Better toilet design could lessen demand on building water supplies
Toilet redesign could unlock the key to reducing the amount of water used during the flushing process within the built environment.
Arup is working with a toilet inventor on a novel system that uses air assistance to generate a maximum of 1.5 litres of water per flush, compared with typical dual flush toilets which use between four and six litres.
The engineering firm has developed a universal connector so that it can be fitted to existing drainage systems and is currently testing it within two of its London offices.
According to Arup’s global skills leader for environmental services engineering, Martin Shouler, toilet design hasn’t fundamentally changed much since the Victorian era. Blogging on the company’s website, he wrote: “In the UK, toilet flushing accounts for around 30% of household water use. That’s a lot of drinking quality water going down the pan.”
The company is also looking at ways businesses can combine efficient toilet designs with harvested rainwater and recycled water, through the sourcing of non-potable water from community-scale networks.
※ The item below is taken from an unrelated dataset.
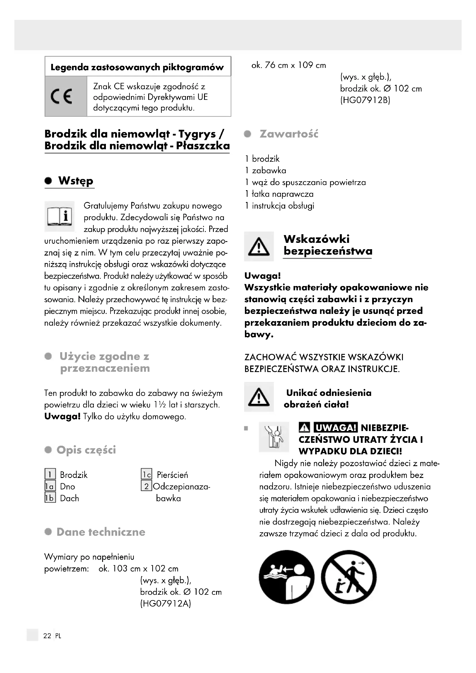 apełniać produkt wodą powoli i nie pozostawiać go bez nadzoru podczas napełniania. Wskazówka: napełnić produkt najwyżej do wydrukowanej kreski. Opróżnianie produktu Opróżnić produkt. Wskazówka: należy przestrzegać lokalnych przepisów dotyczących usuwania wody z ba- senów. Demontaż produktu Przed złożeniem pozostawić produkt, aby całkowicie wysechł. Zdjąć wszystkie odczepiane części. Wypuszczanie powietrza z produktu Wyciągnąć zawór i lekko nacisnąć na trzpień zaworu, aby umożliwić ujście powietrza lub włożyć wąż do spuszczania powietrza do uszczelki, aby umożliwić szybkie ujście powietrza. Naprawa produktu Ważne! Po naprawie produktu nie używać go przez 20 minut! Łatki nie stosować przy otworach lub przeciekach na szwie. Wskazówka: małe uszkodzenia można naprawić przy pomocy dostarczonej łatki. W przypadku większych uszkodzeń należy zwrócić się do sklepu specjalistycznego. Dokładnie oczyścić obszar wokół wycieku! Obszar musi być suchy i wolny od tłuszczu. Wyciąć kawałek materiału do naprawy wystar- czająco duży, aby jego brzegi wystawały ok. 1,3 cm ponad uszkodzony obszar. Odkleić łatkę z papieru, nałożyć na uszkodzony obszar i mocno docisnąć ją. Czyszczenie i pielęgnacja Nie należy stosować ostrych i agresywnych środków czyszczących. Do czyszczenia należy używać lekko zwilżonej, niestrzępiącej się szmatki. Utylizacja Opakowanie wykonane jest z materiałów przyjaznych dla środowiska, które można przekazać do utylizacji w lokalnym punkcie przetwarzania surowców wtór- nych. Informacji na temat możliwości utylizacji wyeksplo- atowanego produktu udziela urząd gminy lub miasta.25 PL Gwarancja Produkt wyprodukowano według wysokich standardów jakości i poddano skrupulatnej kontroli przed wysyłką. W przypadku wad produktu nabywcy przysługują ustawowe prawa. Gwarancja nie ogranicza usta- wowych praw nabywcy produktu. Produkt objęte jest 3 gwarancją, licząc od daty zakupu. Gwarancja wygasa w razie zawinionego przez użytkownika uszkodzenia produktu, niewła- ściwego użycia lub konserwacji. W przypadku wystąpienia w ciągu 3 lat od daty zakupu wad materiałowych lub fabrycznych, doko- nujemy – według własnej oceny – bezpłatnej na- prawy lub wymiany produktu. Świadczenie gwarancyjne obejmuje wady materia- łowe i fabryczne. Gwarancja nie obejmuje części produktu ulegających normalnemu zużyciu, uzna- wanych za części zużywalne (np. baterie) oraz uszkodzeń części łamliwych, np. przełączników, akumulatorów lub wykonanych ze szkła. Zgodnie z Kodeksem Cywilnym art. 581 §1 wraz z wymianą urządzenia lub ważnej części czas gwarancji rozpoczyna się na nowo. Sposób postępowania w przypadku naprawy gwarancyjnej Aby zapewnić szybkie rozpatrzenie Państwa wniosku, prosimy stosować się do następujących wskazówek: Przed skontaktowaniem się z działem serwisowym należy przygotować paragon i numer artykułu (IAN 385260_2107) jako dowód zakupu. Numery artykułów można znaleźć na tabliczce znamionowe, na grawerunku, na stronie tytułowej jego instrukcji (na dole po lewej stronie) lub jako naklejkę na stronie odwrotnej lub spodniej. W razie wystąpienia błędów w działaniu lub innych wad, należy skontaktować się najpierw z wymienionym poniżej działem serwisowym telefo- nicznie lub pocztą elektroniczną. Produkt uznany za uszkodzony można następnie z dołączeniem dowodu zakupu (paragonu) i podaniem, na czym polega wada i kiedy wystąpiła, przesłać bezpłatnie na podany Państwu adres serwisu. Serwis Serwis Polska Tel.: 008004911946 E-Mail: owim@lidl.pl26 CZ Legenda použitých piktogramů Značka CE vyjadřuje soulad s příslušnými směrnicemi EU, které se vztahují na tento výrobek. Brouzdaliště ”tygr“ / Brouzdaliště ”rejnok“ Úvod Blahopřejeme Vám ke koupi nového vý- robku. Rozhodli jste se pro kvalitní výro- bek. Před prvním uvedením do provozu se seznamte s výrobkem. K tomu si pozorně přečtěte následující návod k obsluze a bezpečnostní pokyny. Používejte výrobek jen popsaným způsobem a pouze pro uvedené oblasti použití. Uschovejte si tento ná- vod na bezpečném místě. Všechny podklady vydejte při předání výrobku i třetí osobě. Použití ke stanovenému účelu Tento výrobek je hračka pro venkovní použití pro děti od 1½ let. Pozor! Pouze kdomácímu použití. Popis dílů

“Just as distributed energy taps into local sources of heat or electricity, water reuse networks would tap into suitable sources of rainwater and treated wastewater and match them to demand for flushing and other purposes such as irrigation,” Shouler noted.
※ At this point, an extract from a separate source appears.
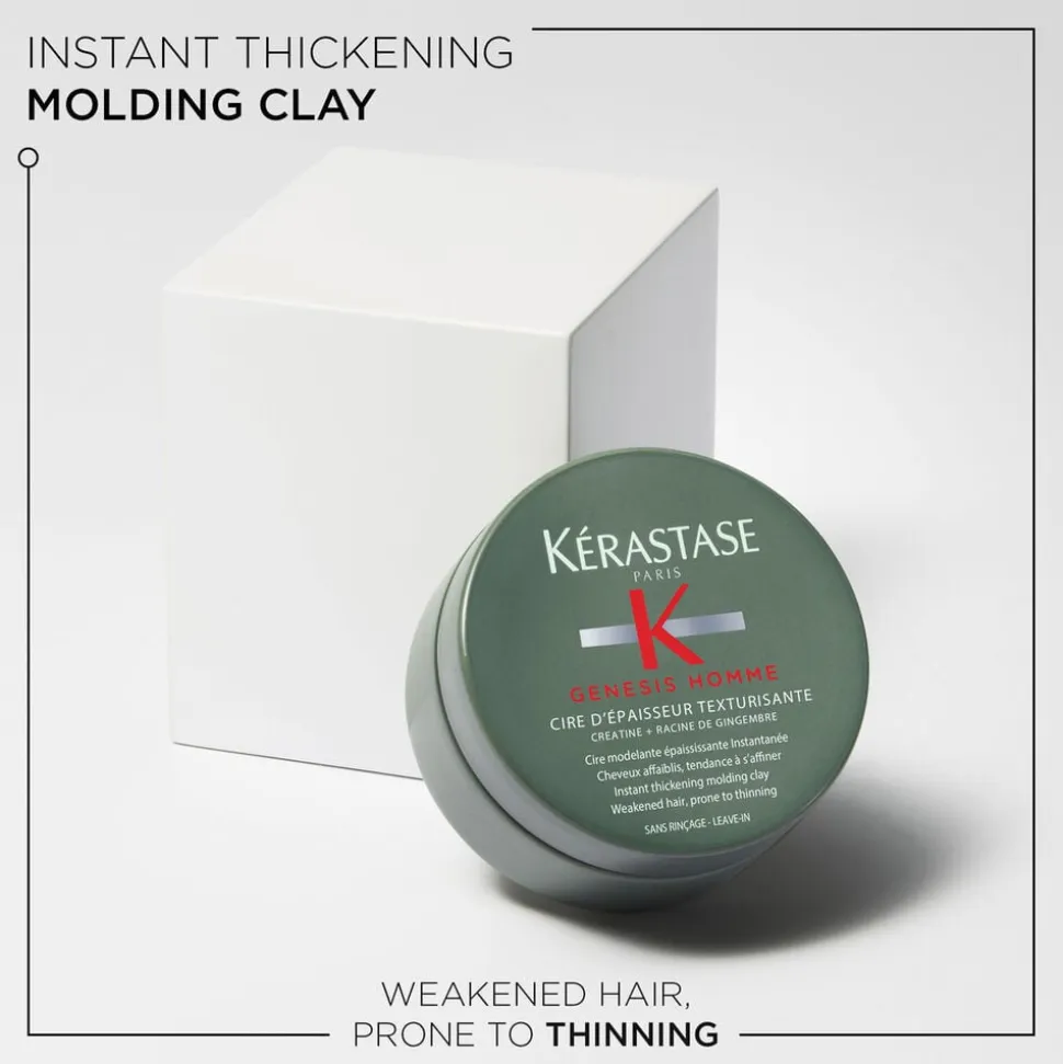 Øjeblikkeligt: STYRK OG GØR HÅRFIBRE TYKKERE med vores Bains, Cire d’Épaisseur og Spray De Force Épaississant beriget med ingefærrod, kreatin og polymerer

“You could flush your toilet with water piped from the local leisure centre, for example, saving both potable water and the energy used to treat it.”
Such systems would complement rather than replace existing water supply and wastewater infrastructure, he added, but pointed out that it would provide opportunities for both businesses and householders to save water, energy and money.
“It could even give traditional water utility companies the opportunity to develop networks outside their geographic areas and provide opportunities for new entrants in the water supply market.”
The social feasibility of urban water reuse networks is being explored by a number of firms and institutions, Arup included. Traditionally the UK hasn’t relied on such networks due to sufficient supplies of water, but increasing demand for water – particularly in the South East – has seen recent moves to establish these networks as part of a sustainable cities agenda.